Rapid technological advances and innovations in the area of autonomous systems push the researchers towards autonomous networked systems with emphasis on Wireless Multimedia Sensor Networks (WMSNs). In WMSN event-driven applications, it is critical to report the detected events in the area, resulting in sudden bursts of traffic due to occurrence of spatially-correlated or multiple events, causing loss of data. Also, nodes have very limited power due to hardware constraints. Packet losses and retransmissions resulting from congestion, cost precious energy and shorten the lifetime of sensor nodes. Till now, in WMSNs, Congestion control techniques are based on detection of congestion and recovery, but they cannot eliminate or prevent the occurrence of congestion.
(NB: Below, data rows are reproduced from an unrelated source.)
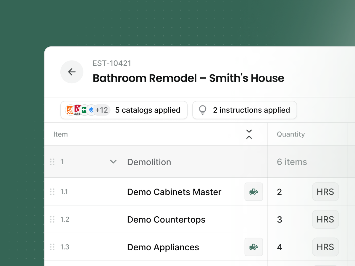 Markups don't shift. Scope doesn't drift. Your intro language, your payment terms, your preferred materials are all trained to the way you think. And no matter who on your team runs the estimate, it comes out right.
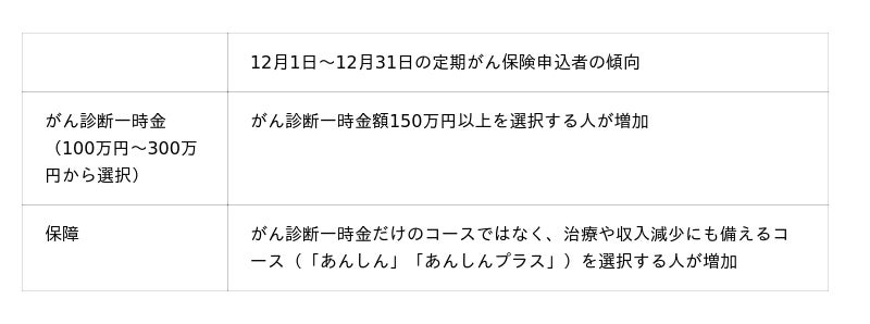1. 定期がん保険が保険選びの選択肢に追加されたことにより、がん保険申込者はより手厚い保障を確保する傾向へ
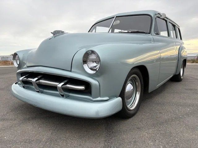 This 1952 Plymouth Suburban is a highly customized and well-equipped classic wagon with extensive mechanical and cosmetic upgrades. Finished in pastel blue with a matching smooth firewall and painted bumpers, the exterior presents nicely and includes extra paint with the correct code. Shaved handles with a remote fob add to the clean, modernized look. The Mustang II front suspension with QA1 adjustable coilovers, new rack and pinion steering, and recent alignment greatly improve drivability and ride quality. The 350 V8 runs strong, supported by an aluminum radiator and chrome dress-up kit. The Ford 9-inch rear end, dual exhaust, and upgraded brakes complement the build.
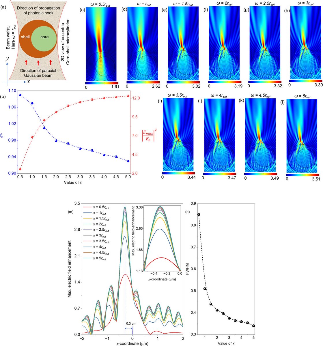 •Electric Field Distribution: Panels (c) through (l) show the maximum electric field distribution of the photonic hook for different values of beam waist,
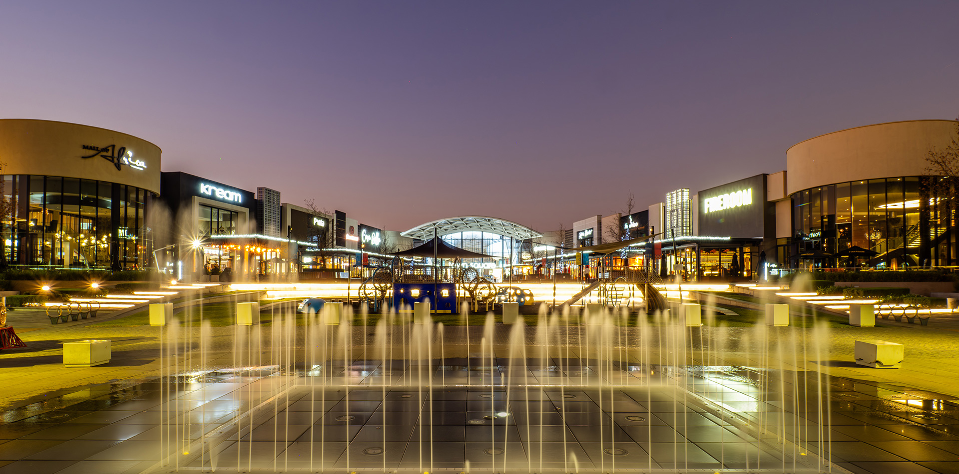 Located in front of Mall of Africa and facing the Tyssenkrupp elevator, Waterfall Park features open spaces, benches, and trees. It hosts regular open-air cinema nights and pop-up events in the stylish Midrand block.
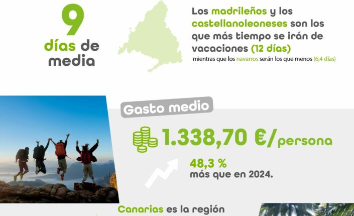 Vacaciones de verano 2025: 9 días, en la playa y con un gasto de 1.339 €, un 48% más que en 2024
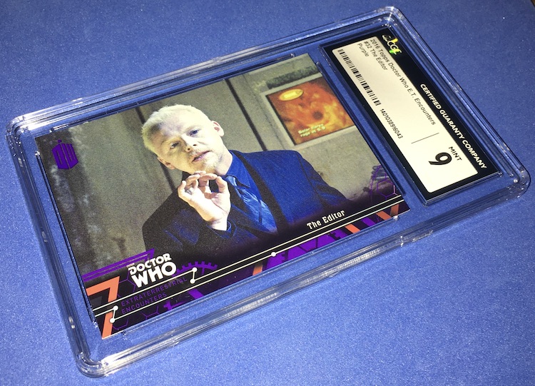 The Card: The Editor (Simon Pegg) 2016 Topps Doctor Who Extraterrestrial Encounters Purple parallel (/50)
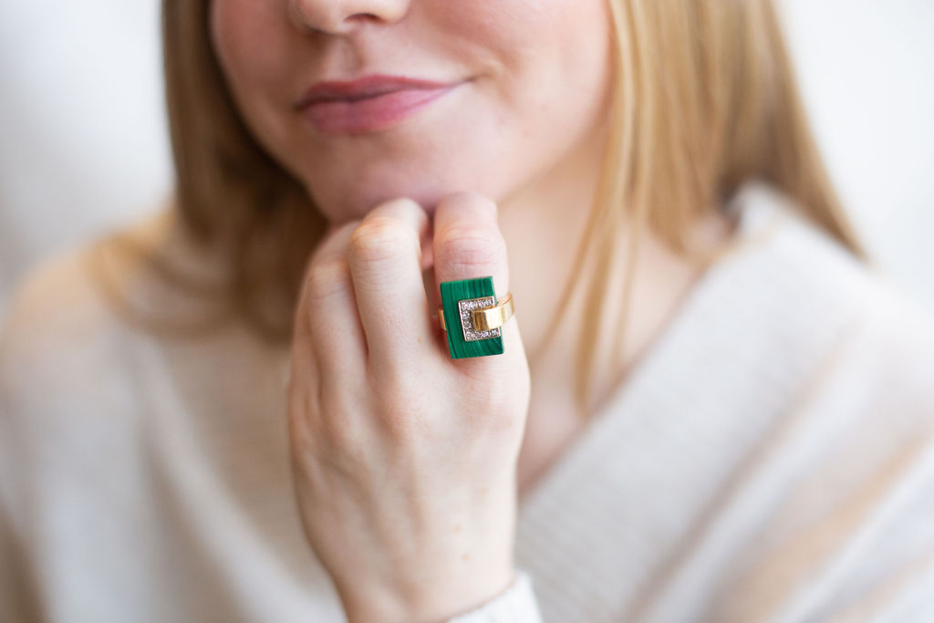 14K YELLOW & WHITE GOLD MALACHITE DIAMOND RING
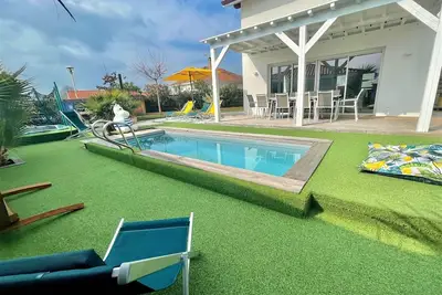 Villa de 141 m2 avec jardin de 543 m2: - Piscine 11 x 6 profondeur de 1 à 1.40 m. - Accès internet wifi illimité. - Séjour/Salle à manger 50m2 - Cuisine 11m2 entièrement équipée ( Lave vaisselle, micr ... lire la suite
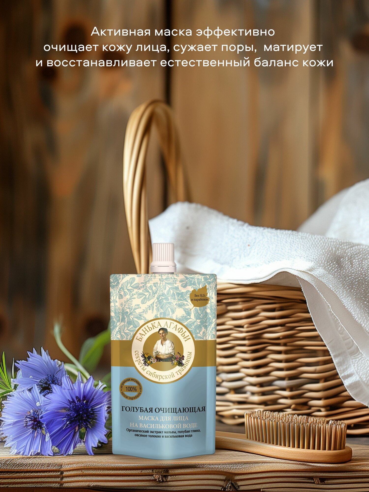 Рецепты бабушки Агафьи Банька Глиняная маска для лица голубая очищающая противовоспалительная от жирного блеска, черных точек и прыщей 2 шт х 100 мл информация:
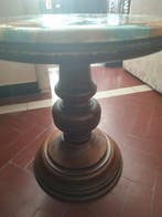 Aujourd'huiPub au topCatawikiToute la Belgique - Table dappoint - ChêneUne petite table d’appoint art déco en chêne, datée de 1930–1940, en état moyen avec usure importante et pièces mineures éventuellement manquantes, dimensions h65 x l40 x p40 cm (diamètre du plateau 3
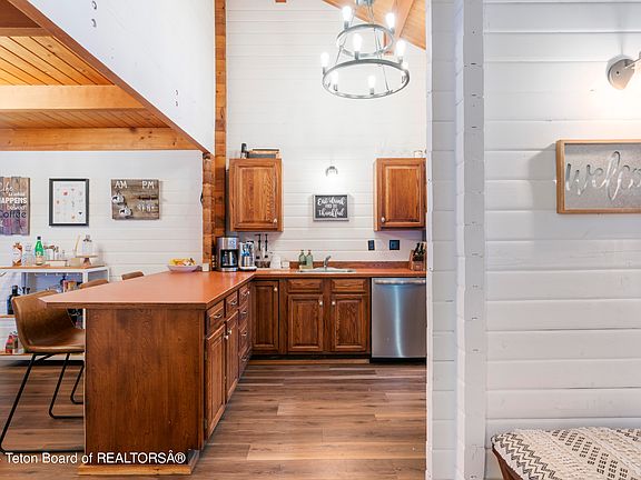 Within the serene community of Rafter J, this tastefully remodeled townhouse blends modern comfort and tranquil surroundings. This bright residence exudes an inviting ambiance, ensuring peace and quiet as well as convenience to town amenities. Stepping through the backdoor on to the deck and then the common area, you will enjoy views of a tranquil pond set against the backdrop of The Grand Teton. Inside, discover many upgrades including fresh flooring, new appliances, and custom tile work in the bathrooms, enhancing both style and functionality. The loft presents a versatile space, ideal for a home office or simply unwinding in comfort. Whether you envision this property as your Jackson Hole sanctuary, a rental venture, or a real estate investment, it offers possibilities.
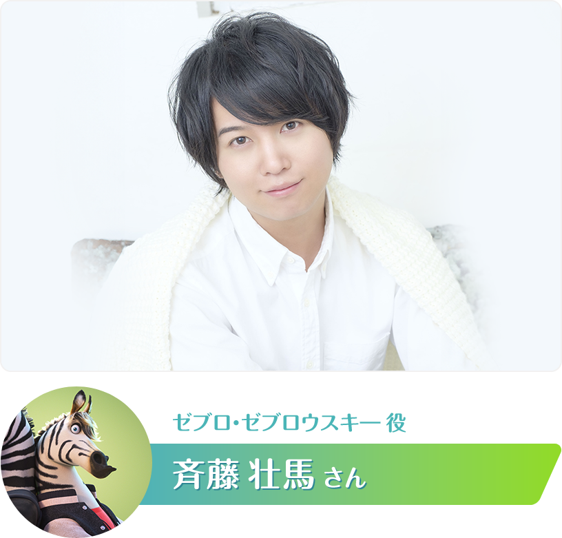 ぼくが声を担当したのはゼブラ、つまりシマウマ。伺うところによると、名前に馬が入っているからキャスティングされたとかされていないとか……。
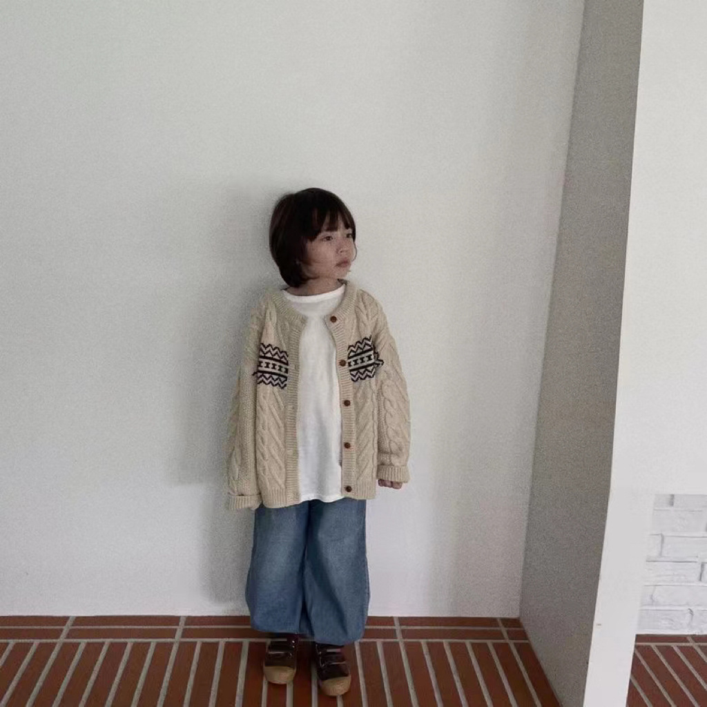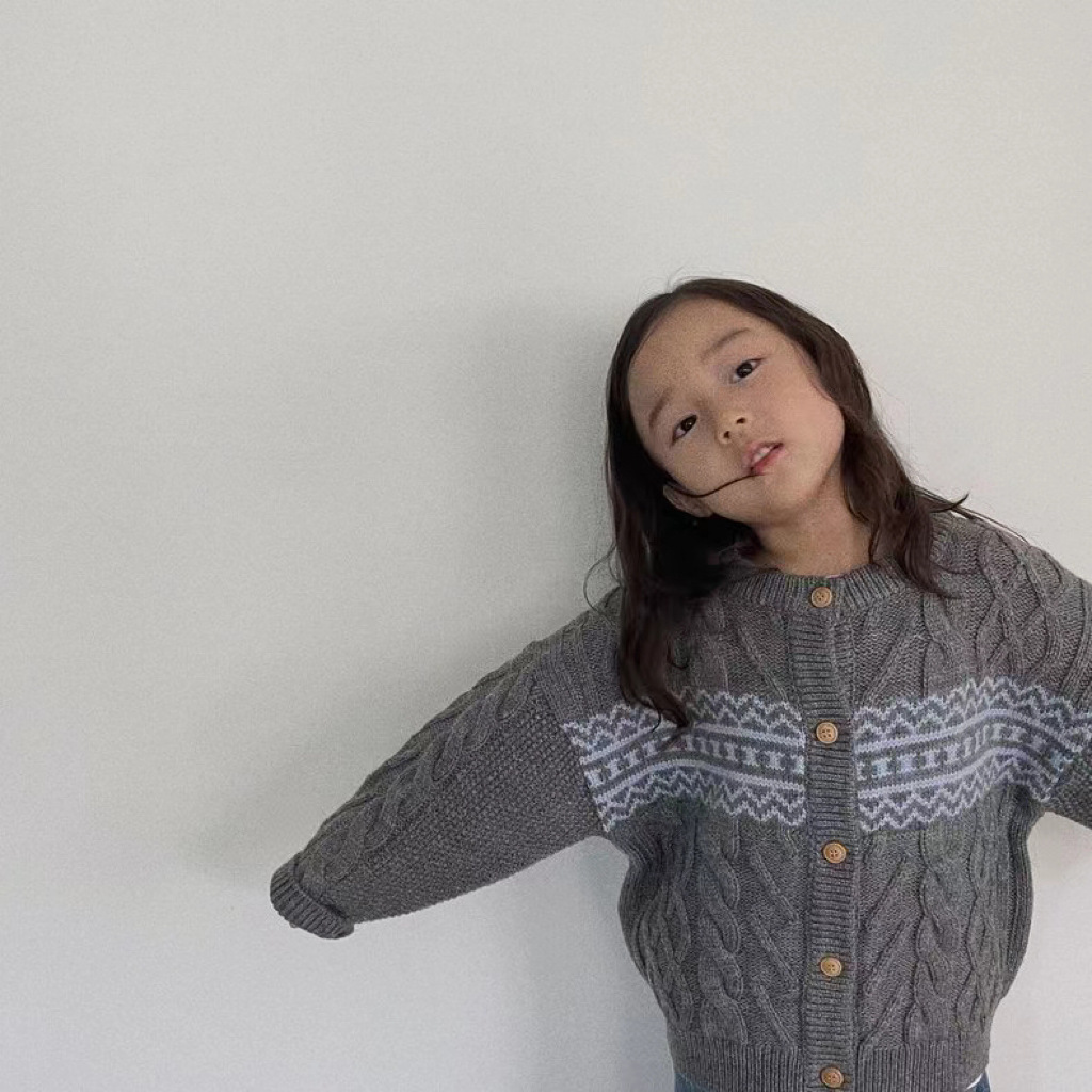 한국 스타일 어린이 니트 재킷 가디건 올 매치 캐주얼 탑 베이비 스웨터 봄과 가을 패션 아동 의류스토어 가기
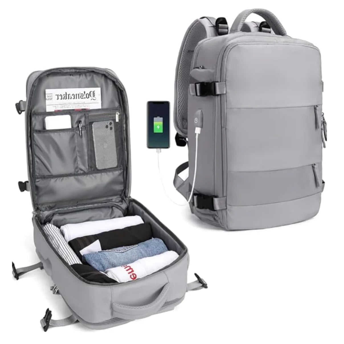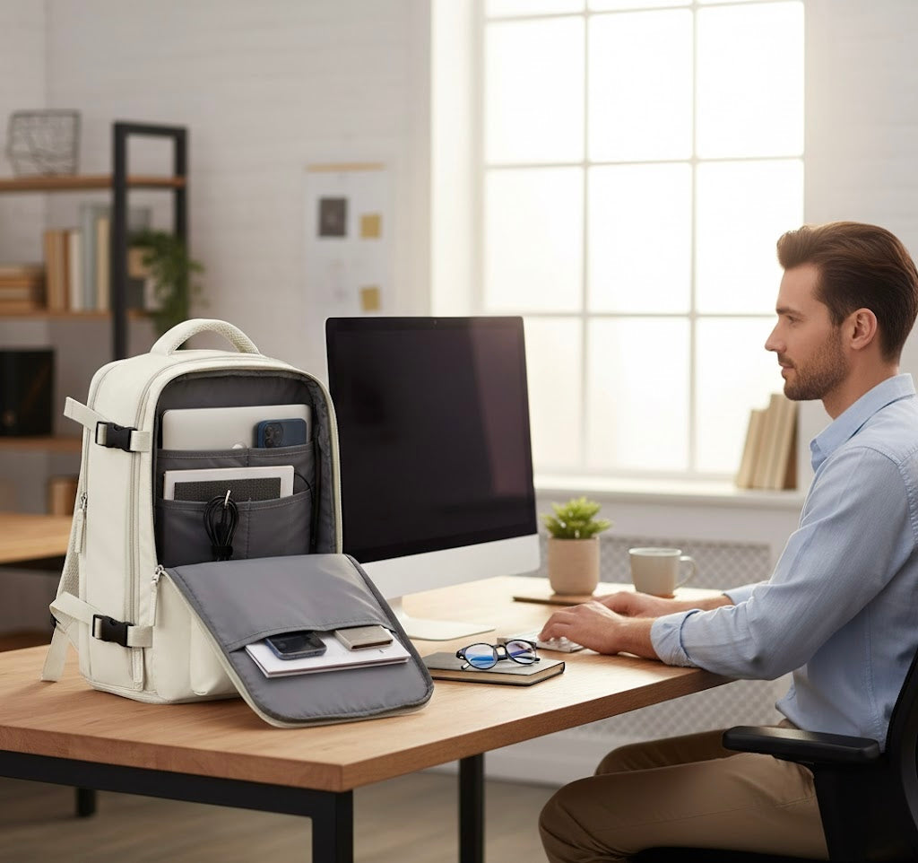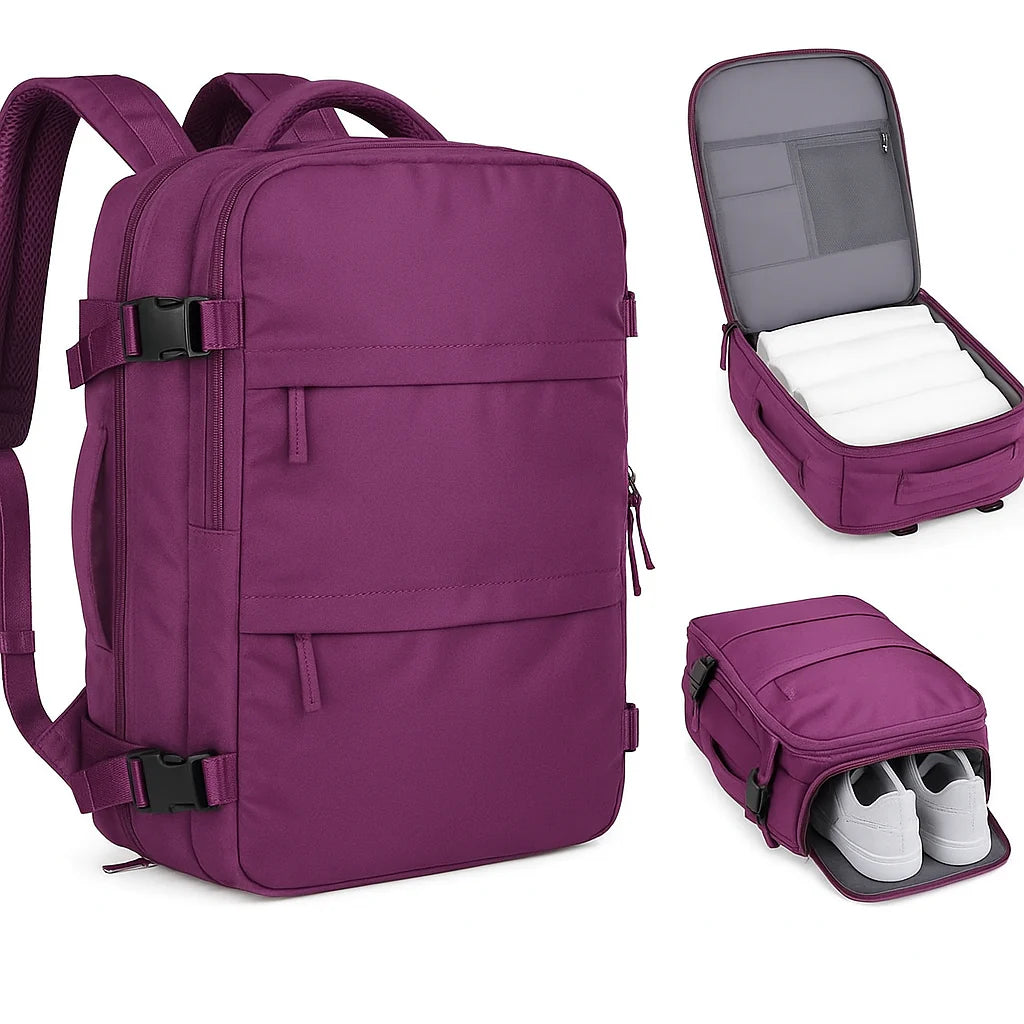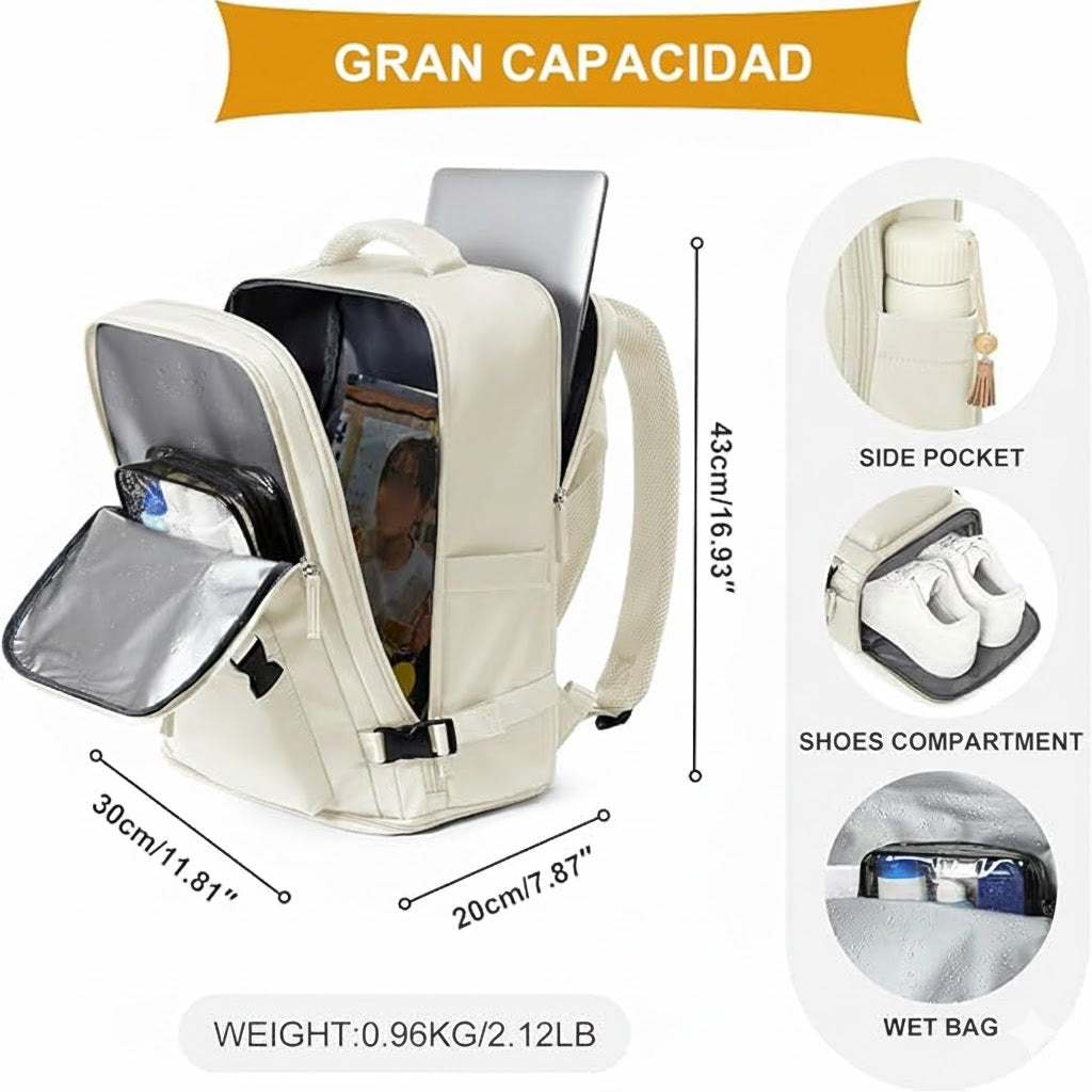 Incluye múltiples bolsillos: • Compartimento para laptop • Bolsillo para zapatos • Espacios para ropa y accesorios • Bolsillo externo de fácil acceso • Bolsillo antirrobo oculto. Todo queda ordenado y fácil de encontrar.

Collision is a symptom of congestion in the wireless channel and can result in a time-variant channel capacity. The method in the proposed algorithm is that the routing algorithms do not precalculate the routes and the next step is chosen dynamically. Decisions are made based on the congestion degree on neighbor nodes; each node sees its own queue backlog and neighbor's queue backlog and chooses its own degree and route based on the queue backlogs obtained from its neighbors. If there is two or more data with the same condition in the backpressure routing, we use service differentiation to prioritize packets. The results obtained from simulation test done by NS-2 simulator indicate that the proposed model is more innovative and presents better performance in compare with CCF and PCCP protocols.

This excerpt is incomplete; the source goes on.